Let me guess: that didn’t set your imagination on fire. Even in software engineering and data science, it’s not exactly a household term. Nor are the more modern terms data platform or data engineering. If you do know what they are, chances are you don’t have strong opinions. You know they’re out there, people do them, and that may be the end of it.
ETL stands for Extract, Transform, Load. It’s how you get your data from your primary OLTP database, which serves your application, into an OLAP data warehouse designed for analysis, business intelligence, and data science.
Whatever your product is, it’s hopefully a core competence for your company. It’s a key differentiator. For many of us, data science and analysis are also key differentiators. ETL, however, is not. It looks basically the same everywhere, and does basically the same thing. These are all signposts that generally point toward buying or reusing, not building from scratch. Doing this kind of thing yourself just won’t move the needle.
Sadly, it’s exceedingly difficult to bolt an existing ETL onto the average database. You’ll use an existing data warehouse, and sometimes even tools that help with ETL, but rarely an existing ETL itself. Why? It’s entirely dependent on your data model, application, and needs. The input is your schema, the output is another schema driven entirely by your analysts and data scientists, and in the middle, a bunch of custom code that applies your business logic and stitches together your data in custom ways.
You can find open source libraries and commercial tools that help read and write the data efficiently, the E and L in ETL. There are even GUI schema mapping tools that let you drag and drop columns and tables to make the T, transform, easier. There aren’t many, though, and they only support the simplest and smallest needs. What’s worse, transform is the most time intensive of the three, and takes the most work to maintain and update over time as your data model and needs evolve.
Modern alternatives like ELT and schema-on-read, which move the transform into the data warehouse, and data virtualization, which remove the data warehouse entirely, can be compelling but don’t fundamentally change the problem. Regardless of where or how, you’ll eventually need a data model for analysis that’s different from the one serving your application. You can construct it implicitly or explicitly, once inside your ETL/ELT or many times over inside individual queries, with engineers or analysts or other people entirely, but you’ll still need to do it.

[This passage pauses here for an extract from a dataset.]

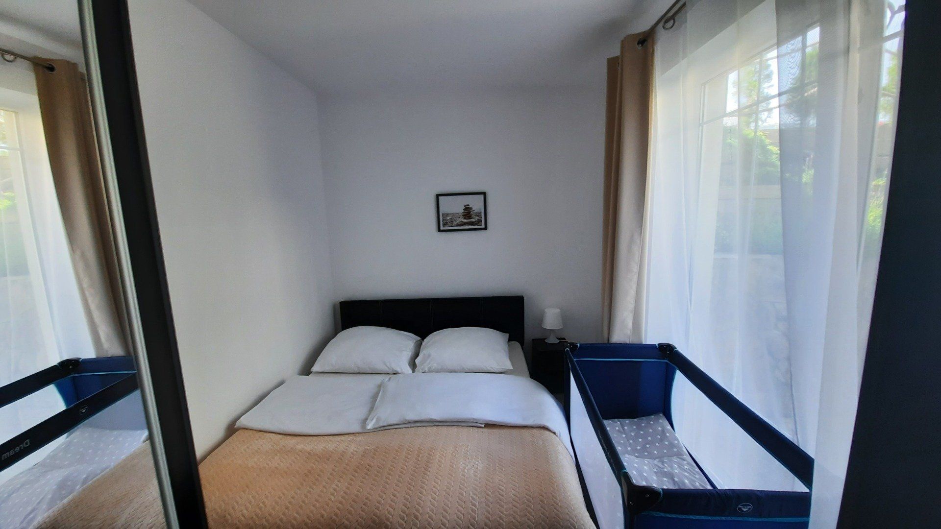 - ein abschliessbares kleines Schlafzimmer mit Doppelbett mit Platz für ein Babybett

So, we have this thing you have to build yourself, but won’t give you any meaningful advantage. Ugh.
We’ve felt this pain at Color just like everyone else. We avoided ETL as long as we could, but we eventually admitted that analyzing our data directly inside our primary schema, at scale, had become infeasible. We wrote and deployed our own ETL, and then another, and then another. We lamented that we had to pay this tax, and accepted it as a fact of life. Render unto the Lord what is the Lord’s, unto Caesar what is Caesar’s.
Fast forward to last week. I’m complaining about ETL to Will Stedden, one of our amazing data scientists. After the usual whining and groaning, an idea occurs to us. We have a wealth of analysis queries in tools like Metabase, numbering in the thousands, many written in SQL. We want a good OLAP schema, but we don’t feel strongly about the exact tables and columns. We definitely don’t care about ETL code itself.
So we want good output, we have lots of training data, and we don’t need tight control over the implementation. Sounds like a task for…machine learning? It’s easy to think ML is the answer to everything these days, but in this case, it just might work.
We plunged ahead into a hand wavy, straw man design for ML-based ETL. Auto generating real code is a Hard Problem, so we started by envisioning it in pure SQL: one query to generate each individual output OLAP table.
- We start where most companies start, with our hodgepodge of BI and analysis queries written directly against the OLTP schema, in SQL. No ETL at all. It will generally take months to years to build up a large enough set of these queries to run a model on, so plan for it ahead of time. There’s still no such thing as a free lunch.
- Once we have a comprehensive set of queries, we train a model to generate a core OLAP schema. The fitness function is the number of tables: fewer is generally better. This is somewhat analogous to principle component analysis: we want the smallest set of orthogonal tables that we can find, within reason.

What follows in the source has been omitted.